RESOURCE AND RESERVE ESTIMATES

          The Registrant’s Annual Information Form filed as Exhibit 1 to this Annual Report on Form 40-F has been prepared in accordance with the requirements of the securities laws in effect in Canada, which differ from the requirements of United States securities laws. Unless otherwise indicated, all resource and reserve estimates included in the Registrant’s Annual Information Form have been prepared in accordance with Canadian National Instrument 43-101 (“NI 43-101”) and the Canadian Institute of Mining and Metallurgy Classification System. NI 43-101 is a rule developed by the Canadian Securities Administrators which establishes standards for all public disclosure an issuer makes of scientific and technical information concerning mineral projects. NI 43-101 permits a historical estimate made prior to the adoption of NI 43-101 that does not comply with NI 43-101 to be disclosed using the historical terminology if the disclosure: (a) identifies the source and date of the historical estimate; (b) comments on the relevance and reliability of the historical estimate; (c) states whether the historical estimate uses categories other than those prescribed by NI 43-101; and (d) includes any more recent estimates or data available.

-3-


Such historical estimates are presented concerning the Registrant’s Saddle mineralization adjacent to the Rock Creek property.

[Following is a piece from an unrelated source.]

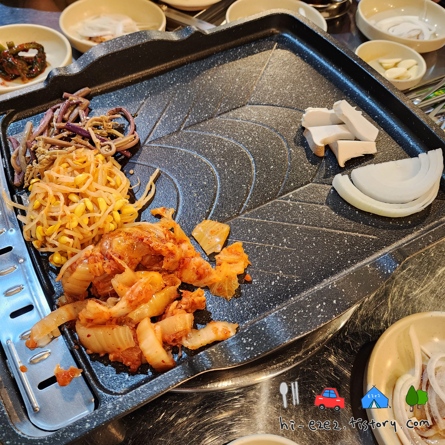신안오돌뼈 이용방법에서 본 것처럼 미리 김치랑 콩나물, 고사리, 양파, 버섯 굽기~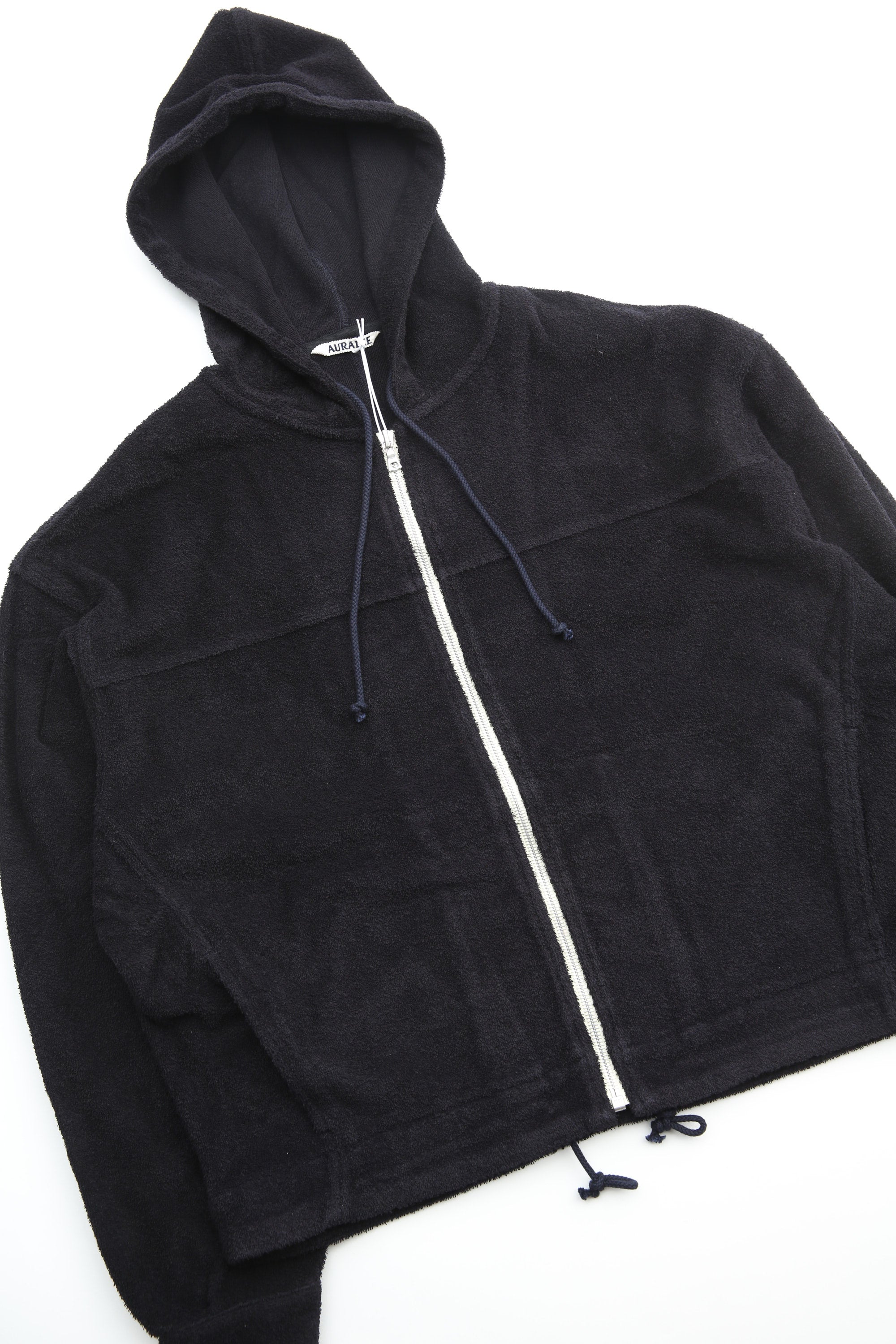 Auralee Cotton Nylon Pile Zip Parka - Navy

          Canadian standards, including NI 43-101, differ significantly from the requirements of the United States Securities and Exchange Commission (“SEC”), and resource information contained herein may not be comparable to similar information disclosed by U.S. companies. In particular, and without limiting the generality of the foregoing, the term “resource” does not equate to the term “reserves”. Under U.S. standards, mineralization may not be classified as a “reserve” unless the determination has been made that the mineralization could be economically and legally produced or extracted at the time the reserve determination is made. The SEC’s disclosure standards normally do not permit the inclusion of information concerning “measured mineral resources”, “indicated mineral resources” or “inferred mineral resources” or other descriptions of the amount of mineralization in mineral deposits that do not constitute “reserves” by U.S. standards in documents filed with the SEC. U.S. Investors should also understand that “inferred mineral resources” have a great amount of uncertainty as to their existence and great uncertainty as to their economic and legal feasibility. It cannot be assumed that all or any part of an “inferred mineral resource” will ever be upgraded to a higher category. Under Canadian rules, estimated “inferred mineral resources” may not form the basis of feasibility or pre-feasibility studies except in rare cases. Investors are cautioned not to assume that all or any part of an “inferred mineral resource” exists or is economically or legally mineable. Disclosure of “contained ounces” in a resource is permitted disclosure under Canadian regulations; however, the SEC normally only permits issuers to report mineralization that does not constitute “reserves” by SEC standards as in place tonnage and grade without reference to unit measures. The requirements of NI 43-101 for identification of “reserves” are also not the same as those of the SEC, and reserves reported by NovaGold in compliance with NI 43-101 may not qualify as “reserves” under SEC standards. Accordingly, information concerning mineral deposits set forth herein may not be comparable with information made public by companies that report in accordance with United States standards.

CURRENCY

          Unless otherwise indicated, all dollar amounts in the Annual Report on Form 40-F are Canadian dollars. The exchange rate of Canadian dollars into United States dollars, based upon the noon rate of exchange as reported by the Bank of Canada was U.S.$1.00 = CDN$1.2372 on November 30, 2008, and was U.S. $1.00 = CDN $1.2541 on February 20, 2009.

ANNUAL INFORMATION FORM

          The Registrant’s Annual Information Form for the fiscal year ended November 30, 2008 is included herein as Exhibit 1.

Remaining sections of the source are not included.